- **The data**:
┄┄┄┄┄┄┄┄┄┄┄┄┄┄┄┄┄┄┄┄
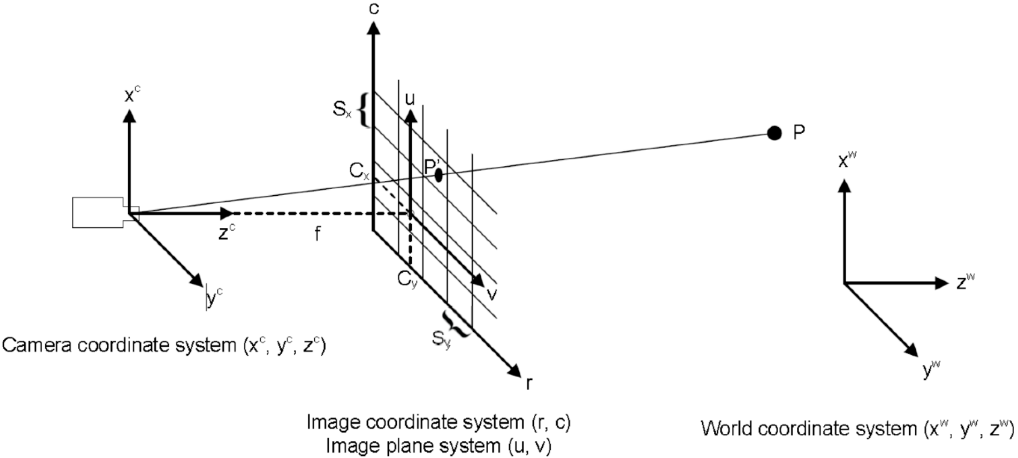 The pinhole model is only an ideal approximation of the real camera projection. Imaging devices introduce a certain amount of nonlinear distortion [24]. Thus, when high accuracy is required, lens distortion must be taken into account [25]. The final step is the transformation from the image plane coordinate system (u, v) to the image coordinate system (r, c), which is the pixel coordinate system. This transformation is achieved using Equation (4), where Sx and Sy are scaling factors that represent the horizontal and vertical distances between the sensor elements on the CCD chip of the camera and the point (Cx, Cy)T, which is the perpendicular projection of the optical center onto the image plane. Equation (4) reflects the calibration matrix:
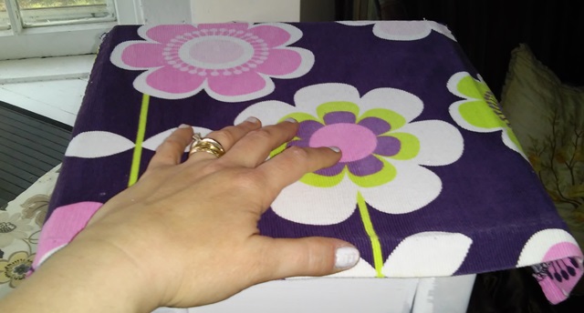 This is a side table with a lot of flower power and 1960’s appeal. I am hoping this table makes some little girl very happy! It will be just one of the items for sale this weekend. I also loved working with corduroy! Because of the thickness of the fabric, I was unsure as to how it would turn out and was more than pleased with the end result!
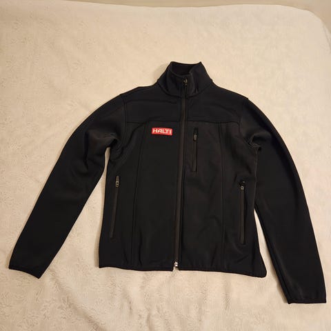 Halti StormWall softcell takki. Veroketju edessä, vetoketjulliset taskut ja ”tuuletuskainalot”. Harmaa fleecevuori.
┄┄┄┄┄┄┄┄┄┄┄┄┄┄┄┄┄┄┄┄
- **What the task requires**:
Please return the full listing exactly as given, with the images left out.

- **Task output**:
 The pinhole model is only an ideal approximation of the real camera projection. Imaging devices introduce a certain amount of nonlinear distortion [24]. Thus, when high accuracy is required, lens distortion must be taken into account [25]. The final step is the transformation from the image plane coordinate system (u, v) to the image coordinate system (r, c), which is the pixel coordinate system. This transformation is achieved using Equation (4), where Sx and Sy are scaling factors that represent the horizontal and vertical distances between the sensor elements on the CCD chip of the camera and the point (Cx, Cy)T, which is the perpendicular projection of the optical center onto the image plane. Equation (4) reflects the calibration matrix:
 This is a side table with a lot of flower power and 1960’s appeal. I am hoping this table makes some little girl very happy! It will be just one of the items for sale this weekend. I also loved working with corduroy! Because of the thickness of the fabric, I was unsure as to how it would turn out and was more than pleased with the end result!
 Halti StormWall softcell takki. Veroketju edessä, vetoketjulliset taskut ja ”tuuletuskainalot”. Harmaa fleecevuori.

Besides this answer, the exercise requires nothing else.